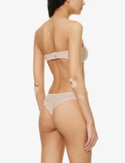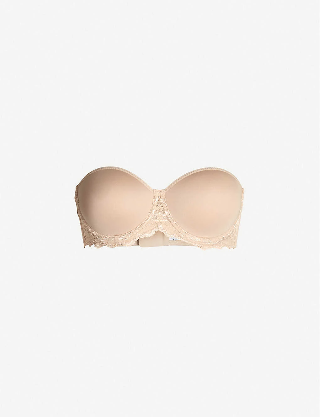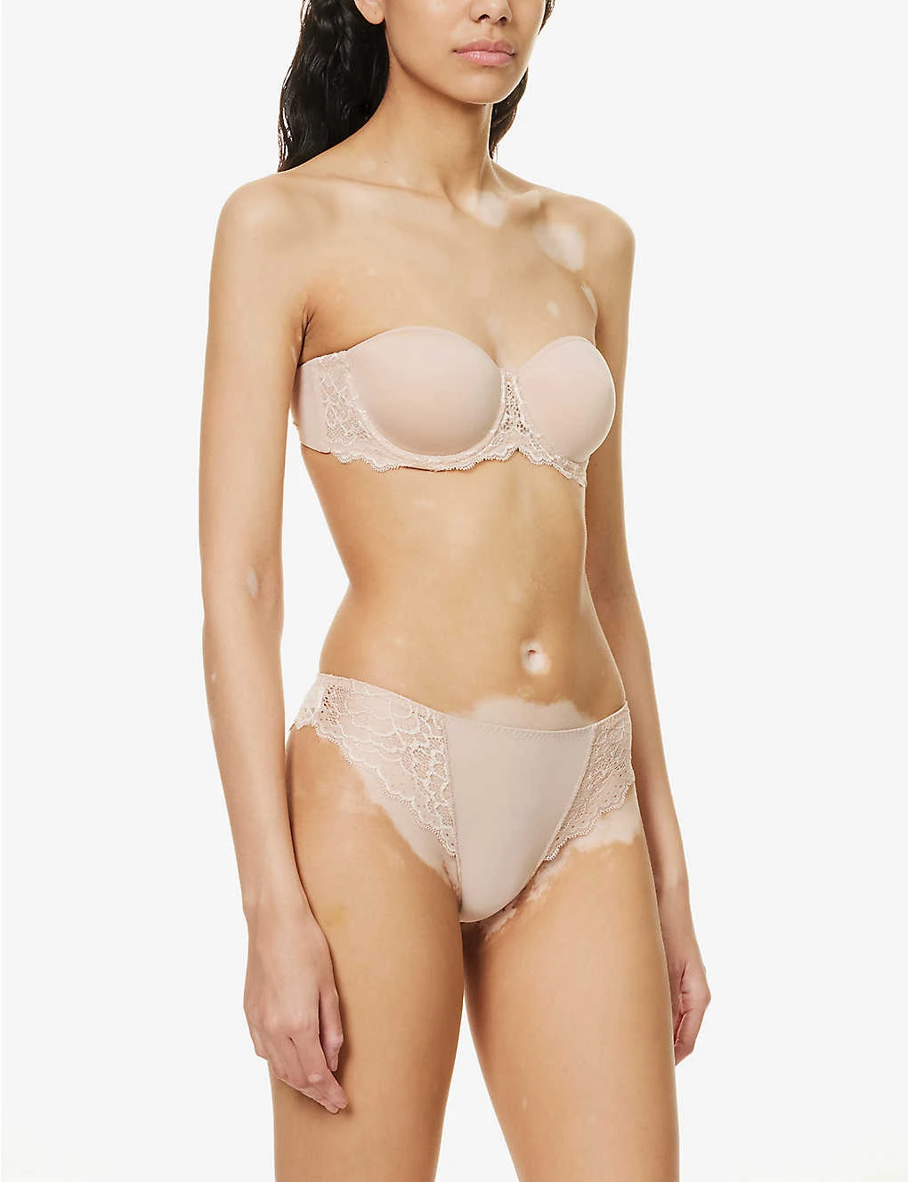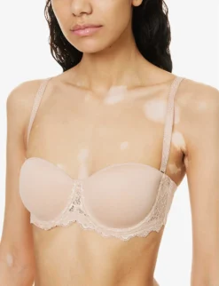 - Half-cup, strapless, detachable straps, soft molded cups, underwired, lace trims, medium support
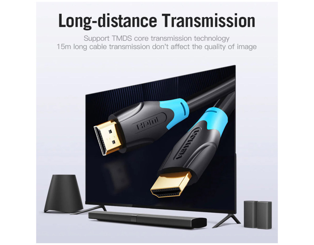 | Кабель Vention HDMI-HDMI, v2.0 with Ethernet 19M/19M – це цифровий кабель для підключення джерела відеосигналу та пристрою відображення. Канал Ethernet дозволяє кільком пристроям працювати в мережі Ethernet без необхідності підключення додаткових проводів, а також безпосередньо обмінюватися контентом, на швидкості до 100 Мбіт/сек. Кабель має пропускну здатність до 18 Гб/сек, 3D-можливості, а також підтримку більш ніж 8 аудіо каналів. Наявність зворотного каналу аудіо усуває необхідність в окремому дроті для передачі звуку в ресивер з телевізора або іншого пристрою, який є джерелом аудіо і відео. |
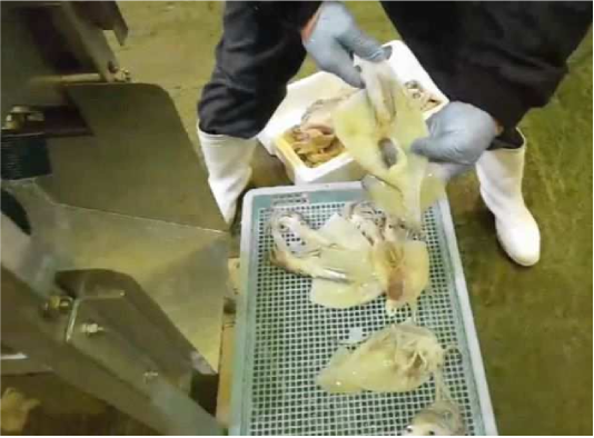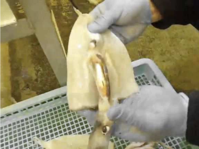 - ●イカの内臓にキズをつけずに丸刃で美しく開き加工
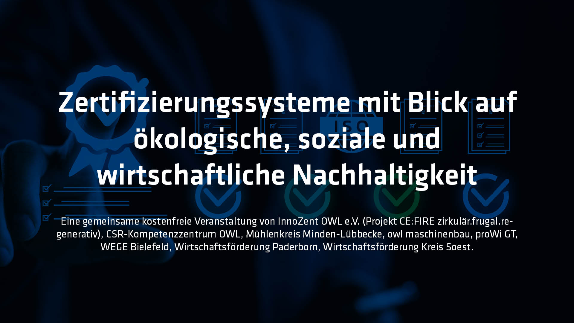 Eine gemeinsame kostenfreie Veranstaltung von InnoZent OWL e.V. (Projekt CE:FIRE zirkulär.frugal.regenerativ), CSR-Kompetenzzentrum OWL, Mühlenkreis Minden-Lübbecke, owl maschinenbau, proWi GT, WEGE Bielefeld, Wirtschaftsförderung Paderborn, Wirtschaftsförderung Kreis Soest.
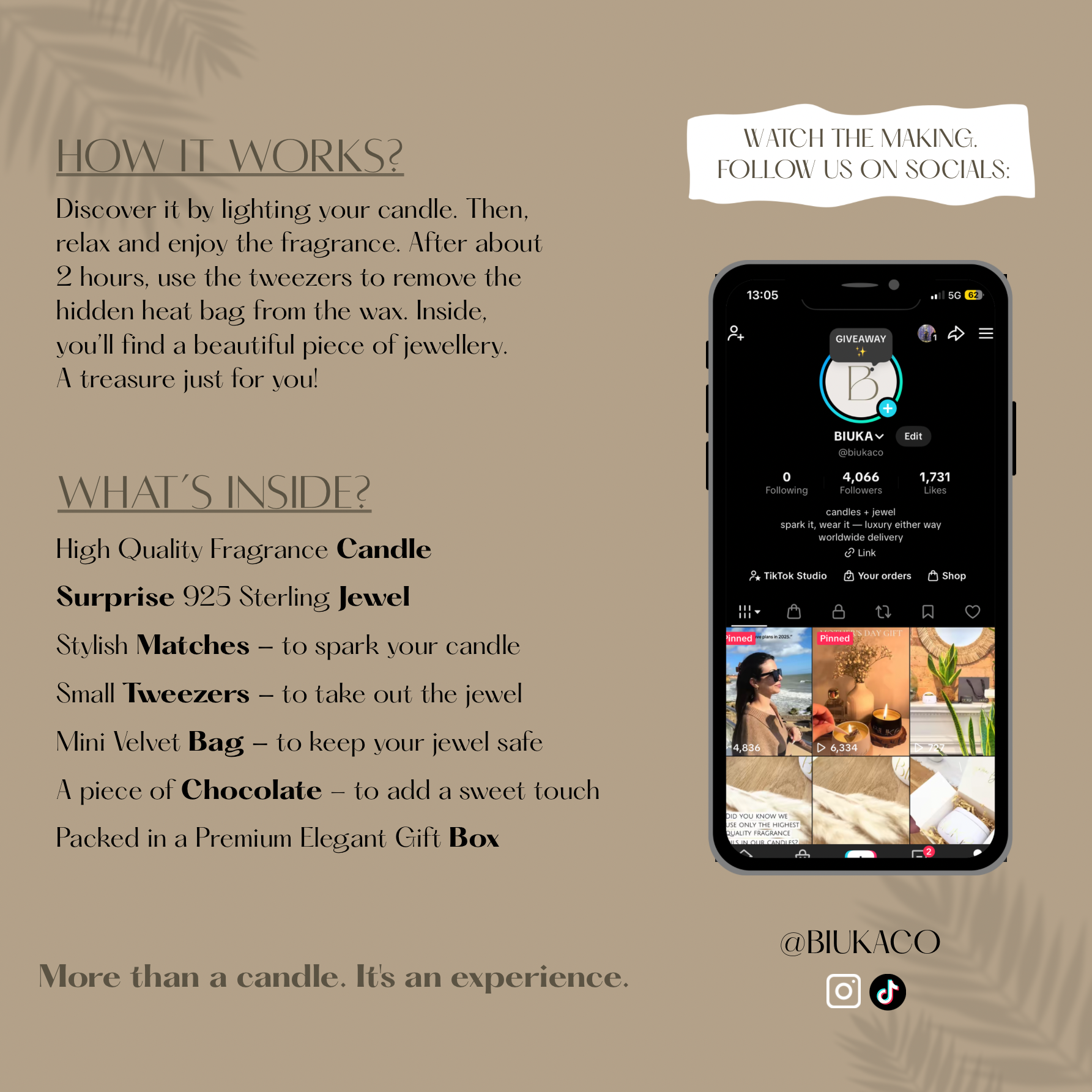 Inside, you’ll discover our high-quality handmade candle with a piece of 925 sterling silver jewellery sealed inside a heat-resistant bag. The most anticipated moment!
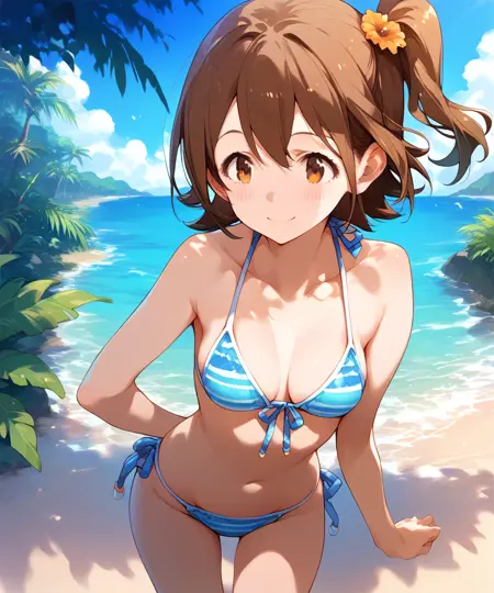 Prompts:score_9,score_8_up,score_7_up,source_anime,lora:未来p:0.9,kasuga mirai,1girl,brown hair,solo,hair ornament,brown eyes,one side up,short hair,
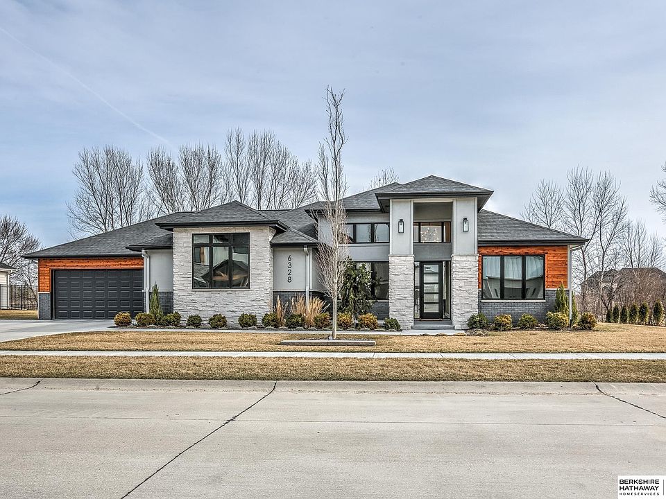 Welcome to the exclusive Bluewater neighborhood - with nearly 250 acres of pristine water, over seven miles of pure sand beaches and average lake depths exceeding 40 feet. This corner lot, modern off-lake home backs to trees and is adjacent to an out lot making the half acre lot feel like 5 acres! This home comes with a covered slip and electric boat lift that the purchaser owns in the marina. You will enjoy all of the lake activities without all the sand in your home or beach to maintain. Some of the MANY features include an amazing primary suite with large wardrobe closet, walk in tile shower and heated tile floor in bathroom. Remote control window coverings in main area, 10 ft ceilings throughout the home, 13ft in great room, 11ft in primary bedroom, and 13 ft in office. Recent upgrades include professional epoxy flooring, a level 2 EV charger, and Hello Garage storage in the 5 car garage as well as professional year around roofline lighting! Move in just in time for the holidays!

======

■ **Description of the task**
Would you repeat the material above exactly, line for line, from its first line to the line with "- ●イカの内臓にキズをつけずに丸刃で美しく開き加工", including both and skipping every picture?

■ **Your solution**
 - Half-cup, strapless, detachable straps, soft molded cups, underwired, lace trims, medium support
 | Кабель Vention HDMI-HDMI, v2.0 with Ethernet 19M/19M – це цифровий кабель для підключення джерела відеосигналу та пристрою відображення. Канал Ethernet дозволяє кільком пристроям працювати в мережі Ethernet без необхідності підключення додаткових проводів, а також безпосередньо обмінюватися контентом, на швидкості до 100 Мбіт/сек. Кабель має пропускну здатність до 18 Гб/сек, 3D-можливості, а також підтримку більш ніж 8 аудіо каналів. Наявність зворотного каналу аудіо усуває необхідність в окремому дроті для передачі звуку в ресивер з телевізора або іншого пристрою, який є джерелом аудіо і відео. |
 - ●イカの内臓にキズをつけずに丸刃で美しく開き加工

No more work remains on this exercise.